Bob "Whipper" Watson (born April 6, 1970) is a former goaltender for the Toronto Rock in the National Lacrosse League and is regarded as one of the best goaltenders ever to play indoor lacrosse Watson won six NLL Championships with the Rock, and was named Championship Game MVP in both 2003 and 2011. Watson was named NLL Goaltender of the Year in 2001 and again in 2008. After 13 years in Toronto and winning 6 Championships, Watson decided to retire to devote his time to family and a new job with the Waterloo Regional Police Service.

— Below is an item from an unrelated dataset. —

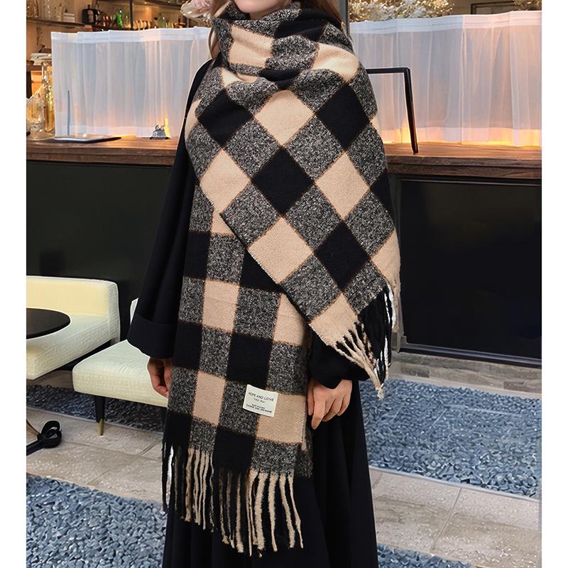 Winter Plaid Printed Pashmina Scarf Tassel Shawl Woman Warmer Wraps Outdoor Windproof Muffler Cashmere Like Scarves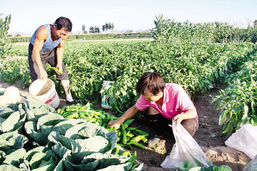 7月13日,原平市新原鄉(xiāng)解放街村農(nóng)民將收獲的青椒銷(xiāo)往市場(chǎng)。該市積極引導(dǎo)城郊農(nóng)民利用地理優(yōu)勢(shì),大力調(diào)整種植結(jié)構(gòu),加大特色農(nóng)業(yè)開(kāi)發(fā)力度,因地制宜種植紫甘藍(lán)、青椒等新鮮無(wú)公害蔬菜,不僅豐富了市民的菜籃子,而且鼓起了菜農(nóng)的錢(qián)袋子。(褚震 攝)

Watson considered retirement after the 2010 season when the Rock lost to the Washington Stealth in the Championship game, but he later decided to come back for one more season. Mid-way through the 2011 season, Watson announced that it would be his last in the NLL. The Rock made it back to the Championship and in his final NLL game, Watson was named Championship Game MVP for the second time in his career as the Rock beat the Stealth 8-7 in a rematch of the 2010 game.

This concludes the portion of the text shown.